Alan and Stephanie Bonder, speaking on behalf of The Jewish Foundation for the Righteous (JFR), captivated an audience of 230 people at Jewish Community Center (JCC) of Middlesex County’s Yom HaShoah, Holocaust Remembrance Day, program.
The Bonders’ presentation focused on Alan’s late father’s wartime story, how as a 13-year-old, Joseph Bonder and his sister Joan managed a harrowing escape from the Skalat ghetto to the village of Ostra Mogila, Poland, where Joan had worked as a teacher. There, they connected with Joan’s former student Bronislaw Firuta, a boy of 14, whose family hid the young siblings from the fall of 1942 through 1944. If discovered by the Nazis, the punishment for this monumental act of courageousness would have led to certain death for all members of the Firuta household, the known penalty for the crime of hiding a Jew in Eastern Europe.
When it eventually became too dangerous for the Bonders to continue hiding in the home, they made their way into the nearby woods where they met up with a group of partisans. The young Firuta would once again distinguish himself, providing support to the partisan group in general and the Bonders in specific. After the war’s end, in 1948, the Bonders, orphans who had lost their entire family, emigrated to the United States, building their lives and families. Joan passed in 1991, and Joseph in 2020.
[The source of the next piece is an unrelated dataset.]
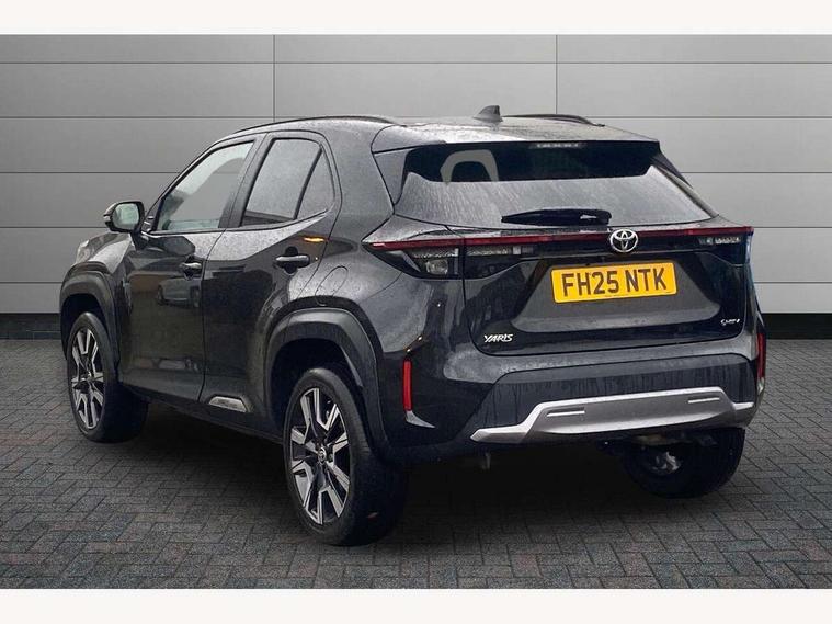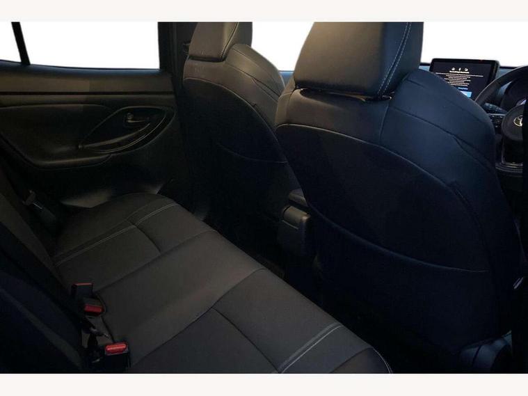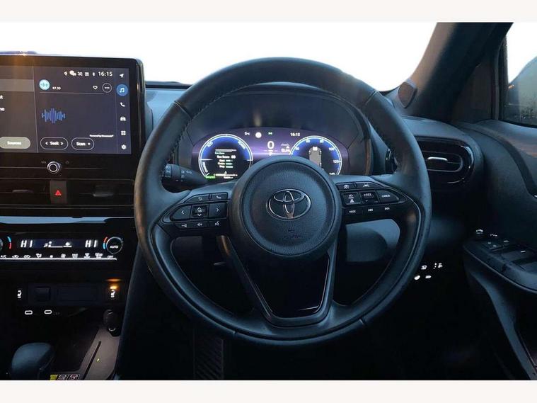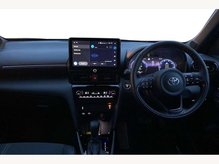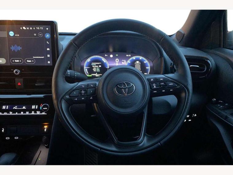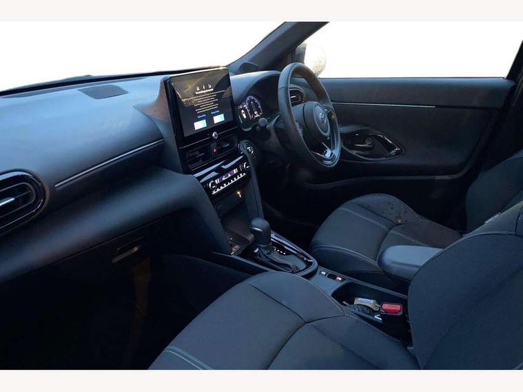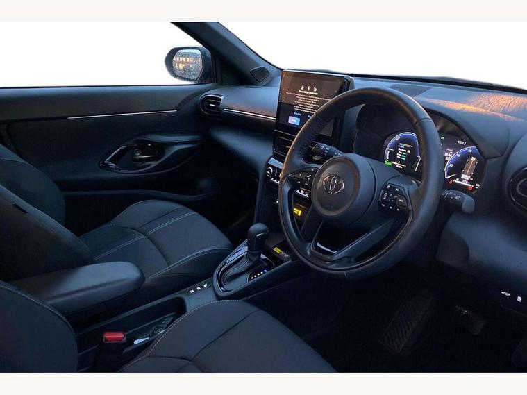 10.5" Multimedia display screen, 10.5" Toyota smart connect+ with navi multimedia system with wireless Smartphone integration incl Apple CarPlay, 360 degree panoramic view monitor, 7" Multi information display screen, Adaptive cruise control, multi info switches on steering wheel, Adjustable speed limiter, Advanced parking assist, Blind spot monitoring, Bluetooth connectivity, Color multi-information display, Digital speedometer, Digital tachometer, Drive mode selector, Driver attention alert system, Dynamic guide lines on reversing camera, eCall emergency system, Electric power steering, Emergency driving stop system, Full range intelligent adaptive cruise control, Hybrid system indicator, Intelligent front and rear parking sensors with clearance sonar and automatic braking, Intersection turn assist, Key reminder warning, Lane change assist, Lane trace assist, My T Connected services, Power tailgate, Pre-collision system enhanced with emergency steering assist, Rear cross traffic alert, Remote boot door release in cabin, Road sign assist - RSA, Safe exit assist, Tailgate, Telephone switch on steering wheel, Wireless Mobile Phone Charger, Steering assisted vehicle stability control, 6 speakers, DAB Digital radio, Front USB Type-C connector, Front USB-C device charger, Acoustic windscreen glass, Anti-jam protection on power windows, Auto dimming rear view mirror, Auto high beam [AHB] with on/off switch, Auto intermittent windscreen wipers, Automatic headlights, Automatic headlights cut-off, Automatically retractable door mirrors, Black door moulding, Black lower front grille, Black protection moulding on side doors, Black roof rails, Black wheel arch mouldings, Body colour door handles, Body colour front bumper, Body colour rear bumper, Electric adjustable heated door mirrors, Follow me home headlights, Front and rear electric windows with auto up/down function, Gloss black upper front grille, Headlight cut off reminder, Indicators integrated on door mirrors, Intermittent rear wiper, Kick activated power back door, LED 3rd brake light, LED daytime running lights guide, LED front fog lights, LED front light guide, LED Indicators, LED projector headlights, LED rear lights with sequential indicators, Manual headlight levelling, Meshed upper front grille, Noise reduction layer on windscreen, Pre wiring for towing hook, Privacy glass, Rain sensor, Rear roof spoiler, Rear side wing doors, Rear window defogger, Shark fin antenna, 12v power outlet - front, 12V power point in boot, 2x Rear coat hooks, 3 seat bench in 2nd row, 3 spoke leather steering wheel, 40/60 split deckboard, 40:20:40 split folding rear bench seat, Adjustable rear headrests, Adjustable speed limiter switch on steering wheel, Boot light, Central armrest, Driver and front passenger personal lights, Driver and front passenger Whiplash injury Lesseing seats, Driver and passenger seatback pockets, Dual zone automatic air conditioning, Fabric door trim, Front console box, Front cup holders, Front door pockets, Front head restraints, Front sport seats, Front/rear assist grips, Gear shift indicator, Grey roof lining, Heated driver and passenger seats, Heated steering wheel, Height adjustable driver's seat, Height adjustable front passenger seat, Hooks for luggage holding belts, ISOFIX child restraint system, Lane departure alert switch on steering control, Leather gearshift, LED centre room light, Light on driver and passenger sun visor, Manual telescopic and tilting steering wheel, Mirror on driver and passenger sun visor, Nanoe-X air purifier, Partial synthetic leather upholstery, Pollen air filter, Power adjustable lumbar support on driver seat, Rear cup holders, Rear door pockets, Rear head restraints, Remote air-conditioning system, Single compartment glovebox, Single front passenger seat, Soft tonneau cover, Storage box under boot floor, Voice recognition switch on steering wheel, White ambient lighting in centre console, White ambient lighting in footwell, White ambient lighting on front doors, Yaris cross floor mats, Tech pack - Yaris Cross, 3x3 point rear seat belts, ABS+EBD+Brake assist, Downhill Assist Control (DAC), Driver and passenger central airbags, Driver and passenger front airbags, Driver and passenger side airbags, Electronic parking brake, Emergency brake light system (EBS), Front seat belt reminder, Hill start assist control (HAC), Passenger airbag on/off switch, Pre-collision system with pedestrian and cyclist detection, Rear door child safety locks, Rear passenger side airbags, Rear seat belt reminder, Traction control, Tyre pressure warning system, Immobiliser, Intrusion alarm, Keyless smart entry with push button start, Power door locks, Power passenger window lock, Remote door lock, Gloss black side air vent surrounds, Tyre repair kit,

In 2009, the JFR provided Bonder, his family and his sister’s descendants with the opportunity to finally express their gratitude in person. Following their more than 60-year separation, the non-profit coordinated an emotional reunion between the Bonders and Bronislaw Firuta at JFK airport. The JFR captured key moments for its award-winning documentary, “Village on the Rock”, which was screened at the event.
“As bystanders watched their Jewish neighbors being rounded up for slaughter during the Holocaust, a majority chose to remain indifferent to what was happening around them.” said JFR Executive Vice President Stanlee Stahl. “The courage demonstrated by the Firuta family at the risk to their own lives is unfathomable, and it elevates what is otherwise only a period of darkness and despair in our people’s history. Alan Bonder’s mere presence at this event was a testament to the outcome from this courageous act of heroism, and we have an obligation to the Firutas and all the other righteous gentiles to preserve their legacies by telling their stories.”